Judgment
Sheet
IN THE HIGH COURT OF SINDH, BENCH
AT SUKKUR
Cr. Acq. Appeal No. S – 79 of 2019
Date of hearing : 09.08.2019.
Mr. Ali Ahmed
Vistro, Advocate for the appellant / complainant.
Mr. Zulfiqar Ali
Jatoi, Additional Prosecutor General.
J
U D G M E N T
NAIMATULLAH PHULPOTO, J. – Through this Acquittal Appeal, appellant /
complainant Irfan Ali son of Shahnawaz has impugned the judgment dated
04.05.2019 passed by learned Sessions Judge, Naushahro Feroze in Session Case
No.90 of 2019 for offences under Sections 319, 320, 279, 427, PPC. On the
conclusion of the trial vide judgment dated 04.05.2019, respondents / accused
No.1 and 2 namely Dr. Salman Khanzada and Shahnawaz were acquitted.
2. Brief
facts of the prosecution case, as reflected in the judgment of the trial Court,
are that complainant Irfan Ali lodged his report at P.S Tharushah on 05.02.2019
at 1500 hours alleging therein that father of the complainant namely Shahnawaz aged
about 40‑42 years (now deceased) left home by a motorcycle for Tharushah
on 05.02.2019. Complainant along with his maternal uncle Yar Muhammad also left
home by a motorcycle on 05.02.2019 at 1100 hours. The father of the complainant
reached at the bridge of Sakhi Dad Wahi. In the meanwhile, it is alleged that
motorcycle of respondent / accused Shahnawaz Bhurt appeared from the Eastern side
and collided the motorcycle of the father of the complainant, who sustained serious
injuries and was admitted in RHC Tharushah. It is alleged that dispenser Yameen
Almani told the complainant that duty doctor was Dr. Salman Khanzada.
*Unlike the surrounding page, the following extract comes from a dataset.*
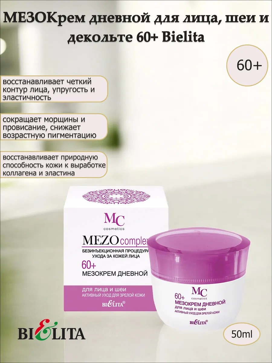 | Полное наименование товара | МезоКрем дневной для лица и шеи 60+ Активный уход для зрелой кожи 50мл. Линия MEZOcomplex 60+. Belita |

Complainant asked the dispenser to call the doctor for first-aid treatment.
Dispenser replied that doctor would reach within a few minutes. In the
meanwhile, it is stated that due to bleeding, father of the complainant
succumbed to the injuries in the hospital. Complainant went to the police
station and lodged FIR against respondents Dr. Salman Khanzada and Shahnawaz
under Sections 319, 320, 279, 426, PPC.
3. On
the conclusion of the investigation, challan was submitted against the accused
under the above referred sections.
4. Trial
Court framed the charge against both the accused. They pleaded not guilty and
claimed to be tried.
5. At
the trial, prosecution examined eight (08) PWs and prosecution side was closed.
6. Statements
of accused Dr. Salman Khanzada and Shahnawaz were recorded under Section 342, Cr.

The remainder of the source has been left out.